Насколько Марку Аврелию удалось применить те высокие морально-политические принципы, которые мы находим в его «Размышлениях»? Мы знаем, что к подобным произведениям нужно относиться с крайней осторожностью. В какие ошибки попал бы историк, если бы он принял за чистую монету все содержащееся в «Antimachiavel»[5] Фридриха II или в «Наказе» Екатерины II и увидел бы в них как бы программы их деятельности! Иное впечатление получаем мы от Марка Аврелия: здесь философия не расходится с текущей работой, и опыт императора ни в чем не опровергает самых продуманных и прочувствованных его мыслей. Поэтому о царстве философии здесь можно говорить совсем с иным правом, чем по поводу представителей просвещенного абсолютизма XVIII века. Важно не то, что Марк Аврелий окружил себя философами-риторами, что он сделал государственными людьми своих старых наставников, что среди консулов и проконсулов его царствования мы находим Ирода Аттика, Фронтона, Юлия Рустика, Клавдия Севера, Прокула. Важнее, что в его собственном сознании между философией и жизненной практикой не существует никакого антагонизма. Тезис, гласящий, что философское исповедание может ни к чему не обязывать, представился бы ему чудовищным. В этом смысле Марк Аврелий скорее может напоминать о деятелях средневековой теократии, для которых temporalia[6] отнюдь не должно расходиться со spiritualia[7]. Известно, какие неразрешимые конфликты возникали на этой почве между убежденными требованиями церкви и инстинктом самосохранения у светского государства.

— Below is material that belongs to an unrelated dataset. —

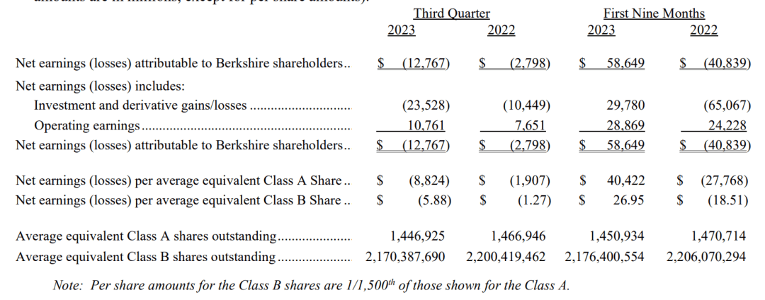三季度,伯克希尔每股A类普通股亏损8824美元,而B类普通股亏损5.88美元。

Но здесь и раскрывается одна из самых замечательных сторон личности Марка Аврелия: он как нельзя более далек от всяких утопий, он сознательно их отвергает. Философия остается законом жизни, но философ должен понимать все несовершенство человеческого материала, всю крайнюю медленность усвоения людьми высших моральных и интеллектуальных истин, всю громадную силу сопротивления, заключающуюся в историческом быте. Нельзя насильственно обновить мир, ввести совершенный порядок, ибо никакой властитель не властен над мыслями и чувствами людей. Трагизм здесь лежит в роковом несоответствии между высотой настроения того, кто желает быть благодетелем человечества, и прозаичностью итогов. «Всеобщая причина есть как бы стремительный поток: он все уносит с собой. Как жалки все эти преисполненные самомнения люди, мнящие, что они по-философски ведут дела государства!.. Чего ты хочешь, человек? Делай то, чего от тебя требует в настоящее время природа. Не надейся осуществить республику Платона и будь доволен движением вперед хотя бы на один шаг – и не считай этот успех маловажным. Кто может изменить образ мысли людей? А без такого изменения что может быть, кроме рабства, стонов и лицемерного повиновения?» (9, XXIX). Не чувствуется ли в этих словах самая высшая форма бескорыстия, непонятная для фанатиков прогресса, какими бы благородными мотивами они ни руководились? «Блаженны не видевшие и уверовавшие», – говорит Евангелие. Блаженны те, кто, никогда не забывая о пределах, поставленных человеческой природе, никогда не обольщаясь возможностью их перейти, находят в себе силу неустанно работать для приближения к никогда не осуществимому идеалу.
Деспотизм отвлеченной формулы был Марку Аврелию чужд, как всякий деспотизм. Можно сказать, ему присущ ужас афинского или римского республиканца перед тиранией. Он чувствует себя глубоко признательным своему наставнику Фронтону, который показал ему, сколько низости, коварства и лицемерия заключается в тиранической власти. «Не иди по стопам Цезарей», – предостерегает он самого себя (6, XXX). Он не скрывал от себя моральные опасности, угрожавшие повелителям Римской империи, – опасности, жертвами которых пали Нерон и Домициан, и как ни выделялся для него Антонин своими добродетелями, двор, окружавший последнего, был в его глазах лишь повторением двора Филиппа, Креза, всех других Цезарей (10, XXVII).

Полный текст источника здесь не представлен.